Task goal: All of the data below should be printed again exactly, pictures excluded.

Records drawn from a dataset

.....

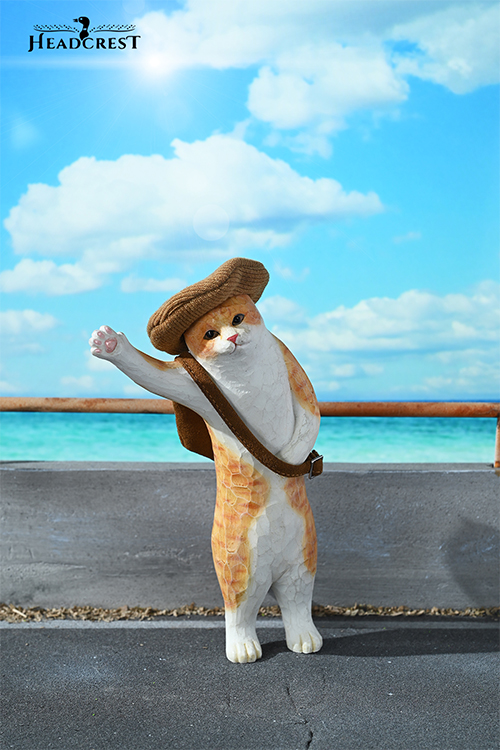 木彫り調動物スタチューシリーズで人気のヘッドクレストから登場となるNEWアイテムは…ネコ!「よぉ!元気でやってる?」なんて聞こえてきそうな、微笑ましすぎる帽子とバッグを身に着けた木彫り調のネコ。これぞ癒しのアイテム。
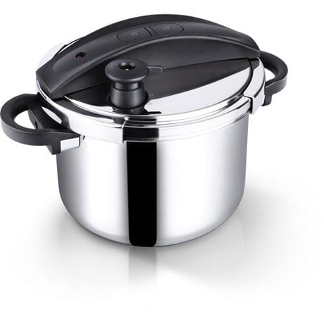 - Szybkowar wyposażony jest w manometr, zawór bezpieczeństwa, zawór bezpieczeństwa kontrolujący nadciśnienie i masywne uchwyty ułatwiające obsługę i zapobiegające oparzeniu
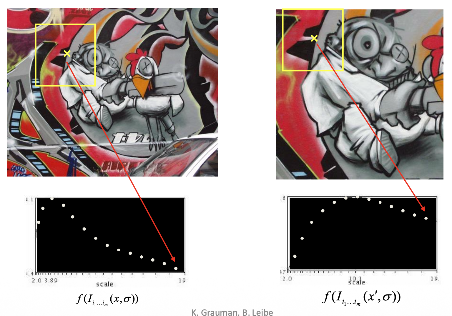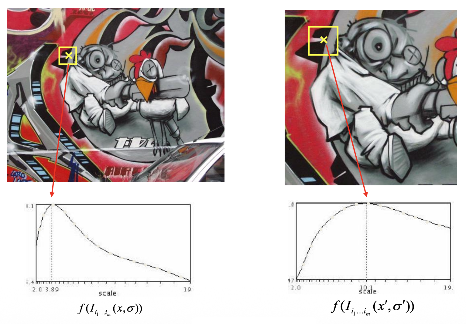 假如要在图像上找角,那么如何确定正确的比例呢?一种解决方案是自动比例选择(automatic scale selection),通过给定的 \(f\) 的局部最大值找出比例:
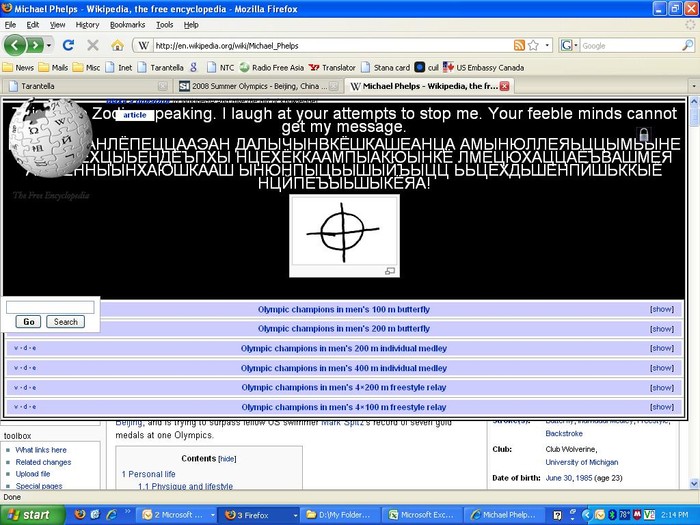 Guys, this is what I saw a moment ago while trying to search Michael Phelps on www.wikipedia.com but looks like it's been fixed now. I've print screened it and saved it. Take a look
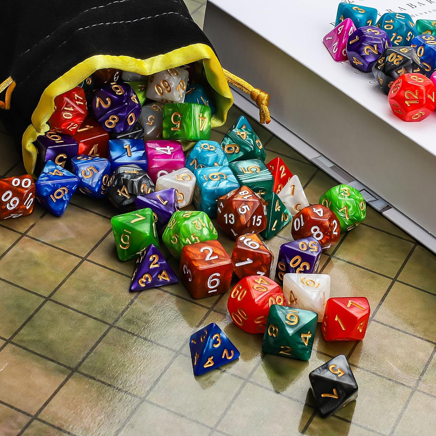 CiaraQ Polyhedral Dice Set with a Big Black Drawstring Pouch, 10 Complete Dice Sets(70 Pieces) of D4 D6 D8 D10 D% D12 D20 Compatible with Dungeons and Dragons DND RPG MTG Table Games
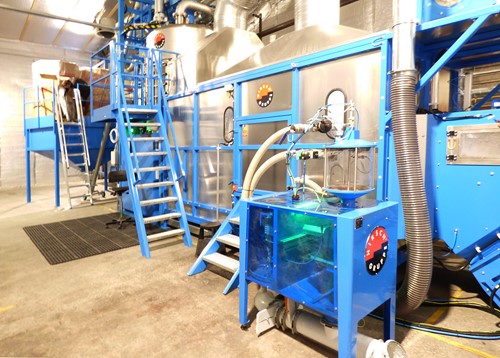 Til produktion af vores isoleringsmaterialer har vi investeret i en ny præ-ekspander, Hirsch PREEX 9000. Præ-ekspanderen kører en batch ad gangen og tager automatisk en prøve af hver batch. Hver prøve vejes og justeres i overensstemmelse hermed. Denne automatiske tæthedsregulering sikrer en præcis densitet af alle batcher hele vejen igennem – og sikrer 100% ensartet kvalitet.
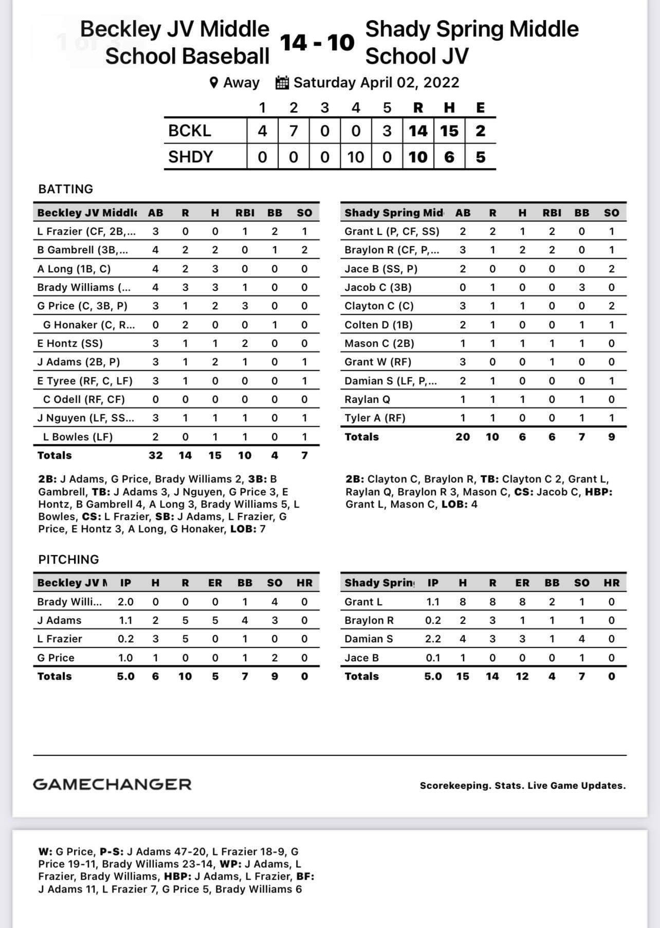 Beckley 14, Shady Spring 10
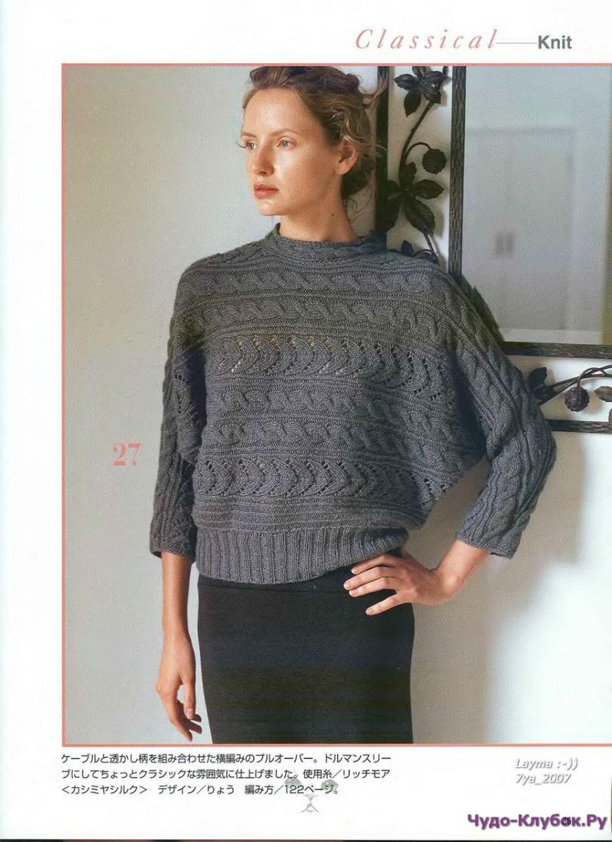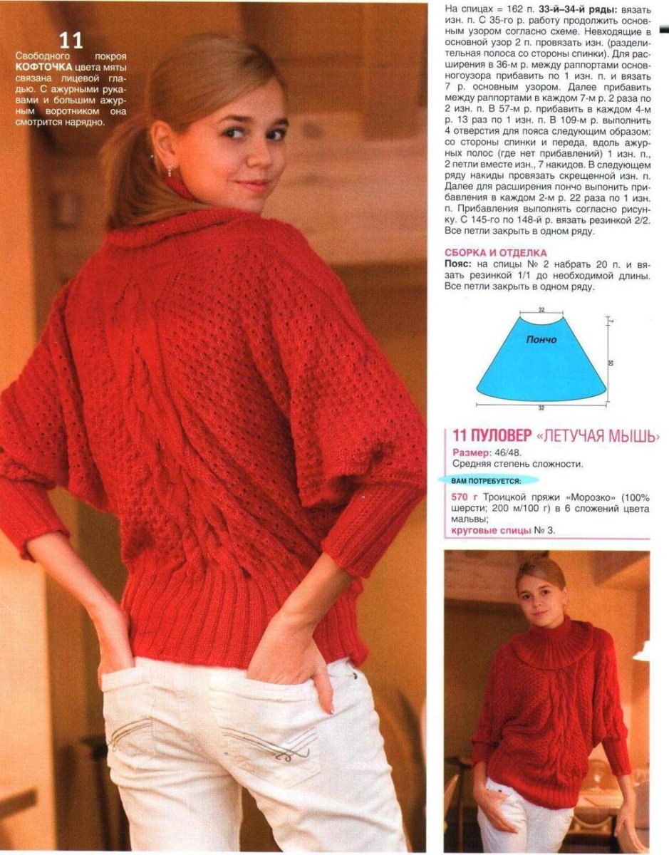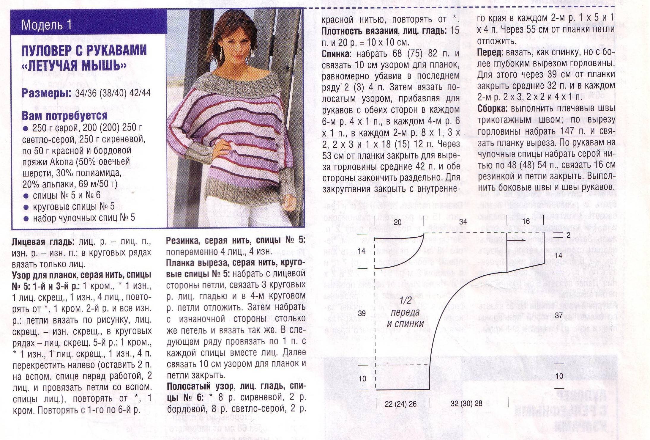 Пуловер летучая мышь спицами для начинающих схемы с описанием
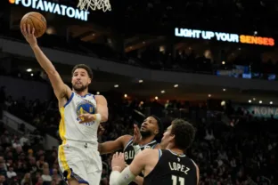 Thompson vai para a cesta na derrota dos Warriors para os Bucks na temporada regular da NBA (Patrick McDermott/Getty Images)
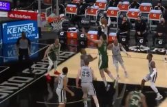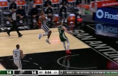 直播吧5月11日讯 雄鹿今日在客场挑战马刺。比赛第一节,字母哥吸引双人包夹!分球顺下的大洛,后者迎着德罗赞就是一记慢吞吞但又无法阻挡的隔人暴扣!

.....

Result of the task:
 木彫り調動物スタチューシリーズで人気のヘッドクレストから登場となるNEWアイテムは…ネコ!「よぉ!元気でやってる?」なんて聞こえてきそうな、微笑ましすぎる帽子とバッグを身に着けた木彫り調のネコ。これぞ癒しのアイテム。
 - Szybkowar wyposażony jest w manometr, zawór bezpieczeństwa, zawór bezpieczeństwa kontrolujący nadciśnienie i masywne uchwyty ułatwiające obsługę i zapobiegające oparzeniu
 假如要在图像上找角,那么如何确定正确的比例呢?一种解决方案是自动比例选择(automatic scale selection),通过给定的 \(f\) 的局部最大值找出比例:
 Guys, this is what I saw a moment ago while trying to search Michael Phelps on www.wikipedia.com but looks like it's been fixed now. I've print screened it and saved it. Take a look
 CiaraQ Polyhedral Dice Set with a Big Black Drawstring Pouch, 10 Complete Dice Sets(70 Pieces) of D4 D6 D8 D10 D% D12 D20 Compatible with Dungeons and Dragons DND RPG MTG Table Games
 Til produktion af vores isoleringsmaterialer har vi investeret i en ny præ-ekspander, Hirsch PREEX 9000. Præ-ekspanderen kører en batch ad gangen og tager automatisk en prøve af hver batch. Hver prøve vejes og justeres i overensstemmelse hermed. Denne automatiske tæthedsregulering sikrer en præcis densitet af alle batcher hele vejen igennem – og sikrer 100% ensartet kvalitet.
 Beckley 14, Shady Spring 10
 Пуловер летучая мышь спицами для начинающих схемы с описанием
 Thompson vai para a cesta na derrota dos Warriors para os Bucks na temporada regular da NBA (Patrick McDermott/Getty Images)
 直播吧5月11日讯 雄鹿今日在客场挑战马刺。比赛第一节,字母哥吸引双人包夹!分球顺下的大洛,后者迎着德罗赞就是一记慢吞吞但又无法阻挡的隔人暴扣!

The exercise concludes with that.